(DATA EXTRACT)

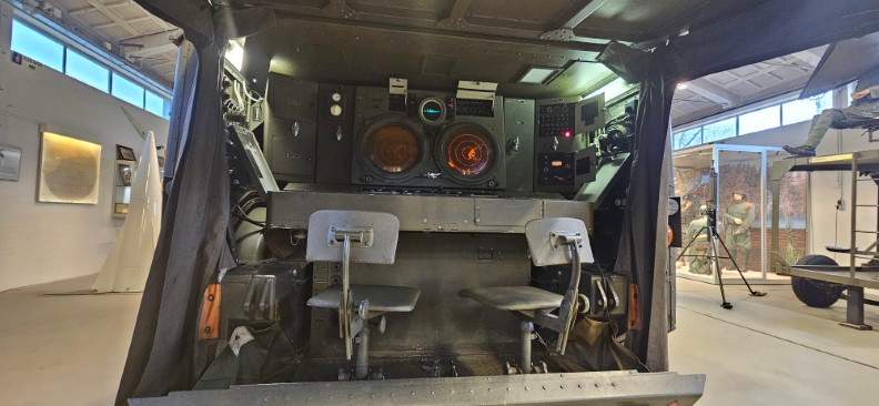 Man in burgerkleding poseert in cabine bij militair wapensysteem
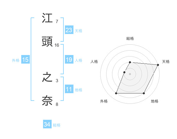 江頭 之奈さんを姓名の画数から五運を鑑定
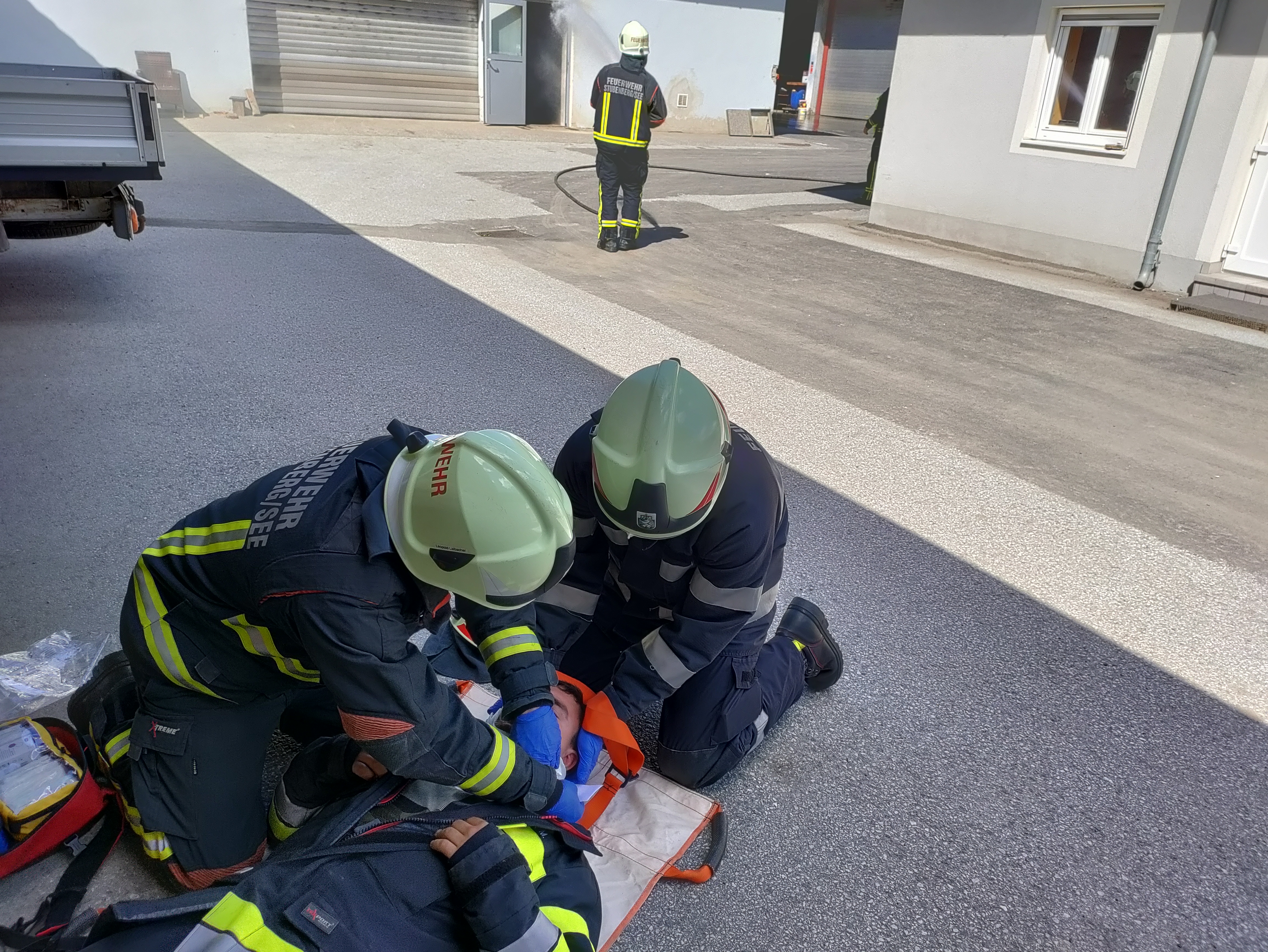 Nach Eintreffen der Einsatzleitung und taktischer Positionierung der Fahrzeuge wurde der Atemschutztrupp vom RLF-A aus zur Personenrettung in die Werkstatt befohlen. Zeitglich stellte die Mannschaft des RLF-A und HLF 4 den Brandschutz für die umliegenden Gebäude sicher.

(End DATA EXTRACT)

■ **WORK INSTRUCTIONS**
Retype the data above exactly; pictures are not part of the copy.

■ **FINISHED TASK**
 Man in burgerkleding poseert in cabine bij militair wapensysteem
 江頭 之奈さんを姓名の画数から五運を鑑定
 Nach Eintreffen der Einsatzleitung und taktischer Positionierung der Fahrzeuge wurde der Atemschutztrupp vom RLF-A aus zur Personenrettung in die Werkstatt befohlen. Zeitglich stellte die Mannschaft des RLF-A und HLF 4 den Brandschutz für die umliegenden Gebäude sicher.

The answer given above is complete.